_PROBLEM_.
Taking the entries below, transcribe only the lines starting with the one with "Ultra Soft Area" and going on through the one with "Als we tegen", exactly as written, without the pictures.
(SUPPLIED RECORDS)
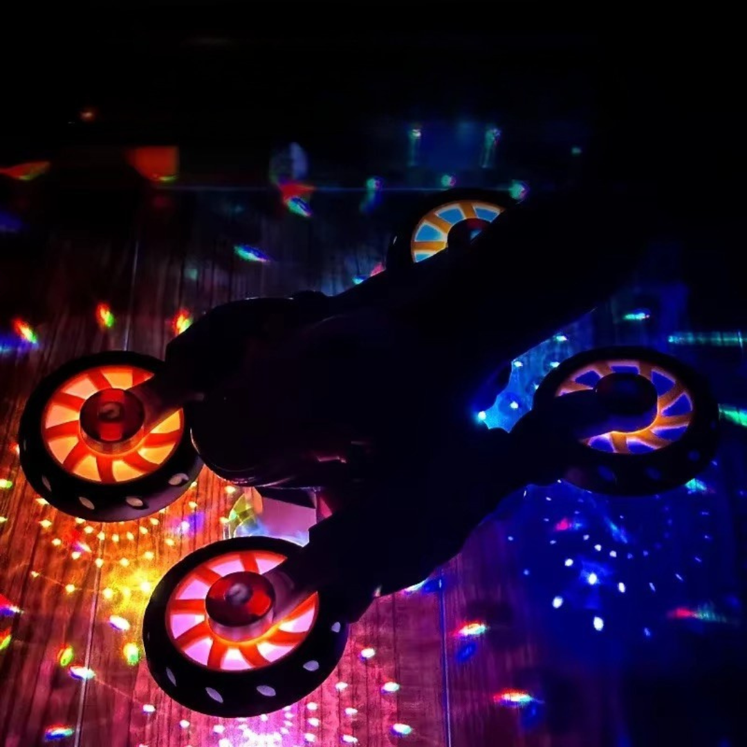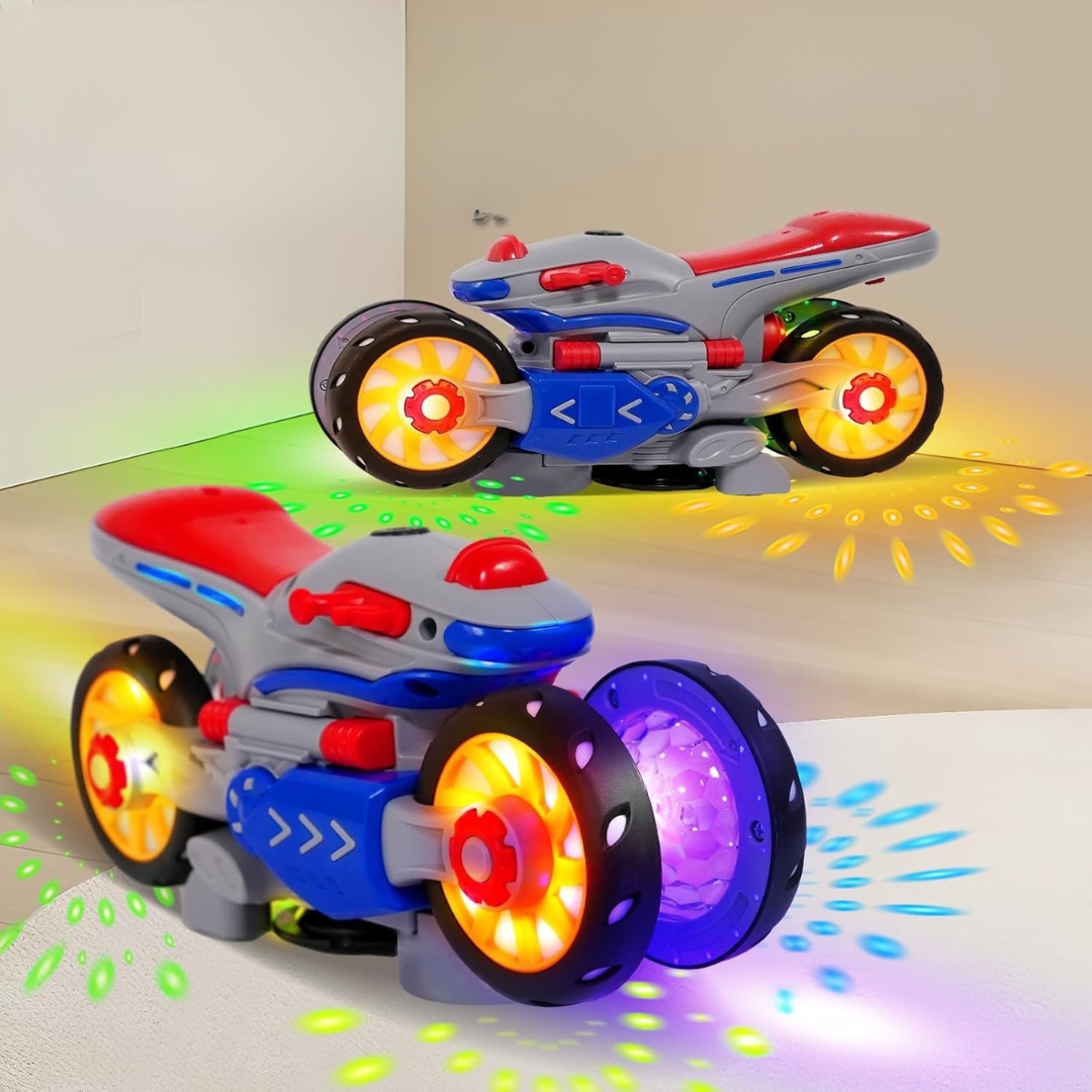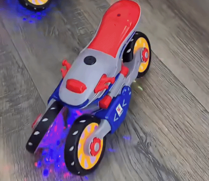 Motocykl obraca się o 360 stopni i natychmiast reaguje na przeszkody, tworząc pełne dynamiki i zabawy doświadczenie. Jasne światła LED i żywa muzyka zamieniają każdą jazdę w kolorowe i wciągające show, które przyciąga uwagę i pobudza wyobraźnię dzieci.
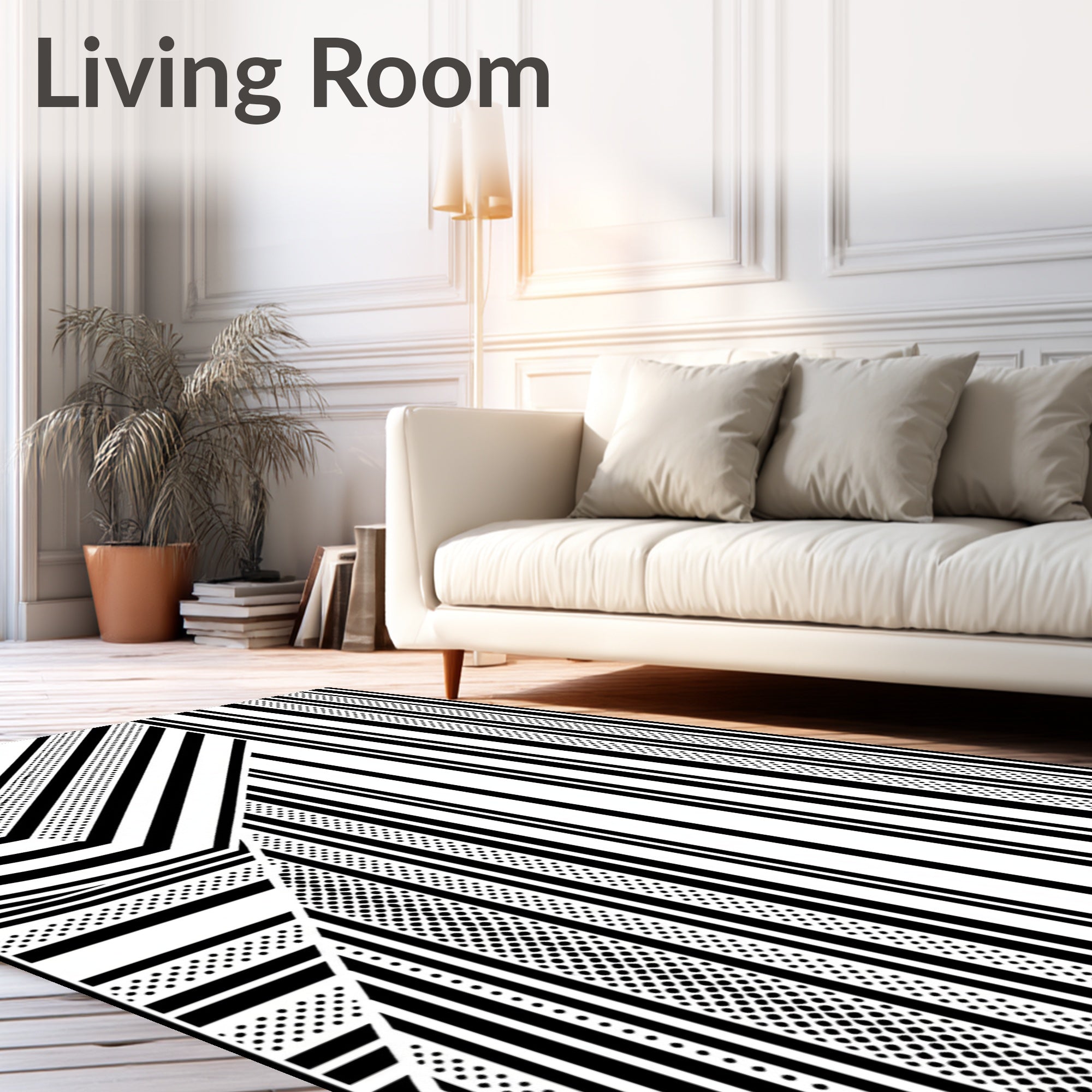 Ultra Soft Area Rug, Non Slip, Stain Resistant, Washable Area Rugs for Living Room, Bedroom, Abstract Interlocking Stripes with Minimalist Modern Flair(Black) Overview:
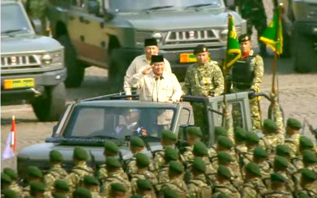 Presiden Prabowo, dalam pemeriksaan pasukan Upacara Peringatan HUT ke-80 TNI, didampingi oleh Menteri Pertahanan Sjafrie Sjamsoeddin, Panglima TNI Jenderal Agus Subiyanto, dan komandan upacara. Pemeriksaan dilakukan menggunakan kendaraan Maung tanpa atap.
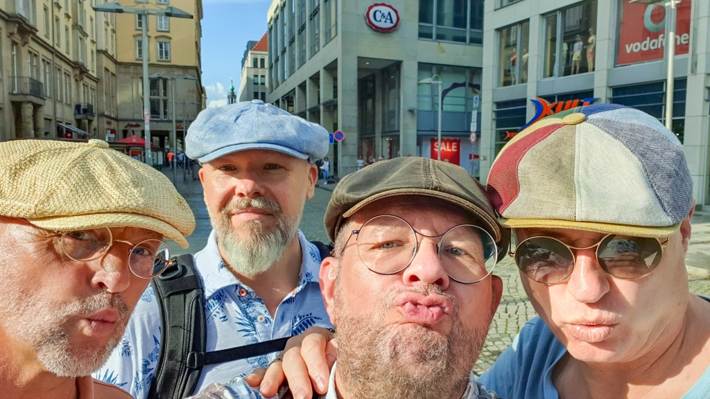 Als we tegen vijven in een erg leuke hoeden- en pettenwinkel terechtkomen (https://www.dresden-hut.de/), gebruiken we de gelegenheid om te schuilen voor een onverwachte regenbui, en bezorgen tegelijkertijd de winkelier de omzet van de week.
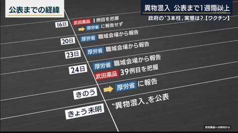 ただ、気になるのは公表のタイミングです。武田薬品によりますと、最初に事態を把握したのは16日でしたが、健康に影響があるかどうかわからなかったため、厚労省には伝えていなかったといいます。しかし、日を追うごとに報告が増え、25日に初めて厚労省に伝えたということです。一方の厚労省も、20日には接種会場から報告があったそうですが、武田薬品の報告を待って公表した形です。
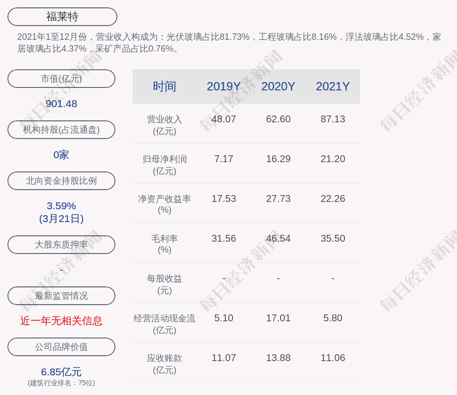 2021年1至12月份,福莱特的营业收入构成为:光伏玻璃占比81.73%,工程玻璃占比8.16%,浮法玻璃占比4.52%,家居玻璃占比4.37%,采矿产品占比0.76%。
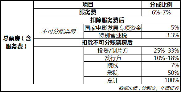 从一个典型的国产电影分成框架来看,根据弗若斯特沙利文咨询公司的数据,在扣除国家电影发展专项资金5%及特别营业税。3.3%之后,整个可分账票房中,各环节的分账比例为:投资/制片方25-33%,发行方10-18%,院线7%及影院的50%。而线上票务平台则是在这一整体票房的基础上另行计算服务费,一般为6-7%。
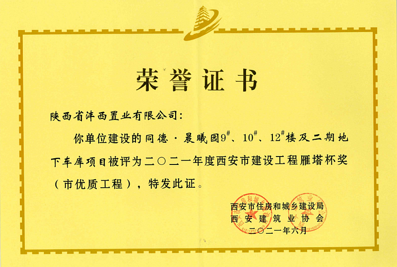 同德·晨曦園9#、10#、12#樓及地下車庫項目先后通過陜西省文明工地、陜西省建筑業綠色施工示范工程、陜西省新技術應用示范工程、陜西省優質結構工程評選;先后榮獲西安市建設工程“雁塔杯”、陜西省優質工程“長安杯”獎等多項榮譽。
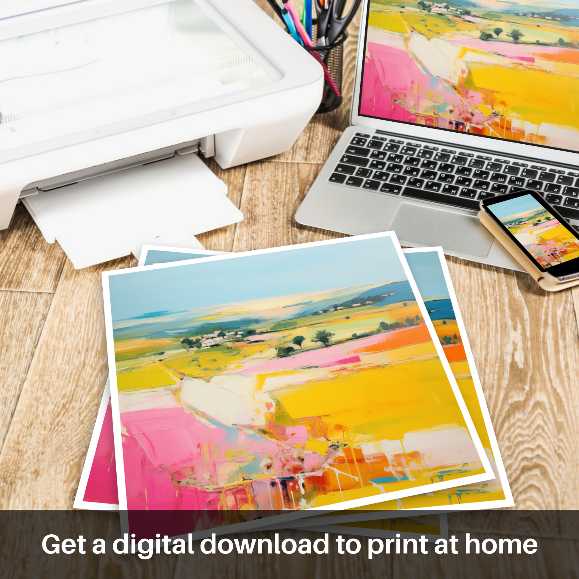 Hang this print on your wall and let it be a constant source of energy and inspiration, a piece that transcends the conventional to deliver a slice of Scottish summertime in all its abstracted glory.
(End SUPPLIED RECORDS)
_YOUR SOLUTION_.
 Ultra Soft Area Rug, Non Slip, Stain Resistant, Washable Area Rugs for Living Room, Bedroom, Abstract Interlocking Stripes with Minimalist Modern Flair(Black) Overview:
 Presiden Prabowo, dalam pemeriksaan pasukan Upacara Peringatan HUT ke-80 TNI, didampingi oleh Menteri Pertahanan Sjafrie Sjamsoeddin, Panglima TNI Jenderal Agus Subiyanto, dan komandan upacara. Pemeriksaan dilakukan menggunakan kendaraan Maung tanpa atap.
 Als we tegen vijven in een erg leuke hoeden- en pettenwinkel terechtkomen (https://www.dresden-hut.de/), gebruiken we de gelegenheid om te schuilen voor een onverwachte regenbui, en bezorgen tegelijkertijd de winkelier de omzet van de week.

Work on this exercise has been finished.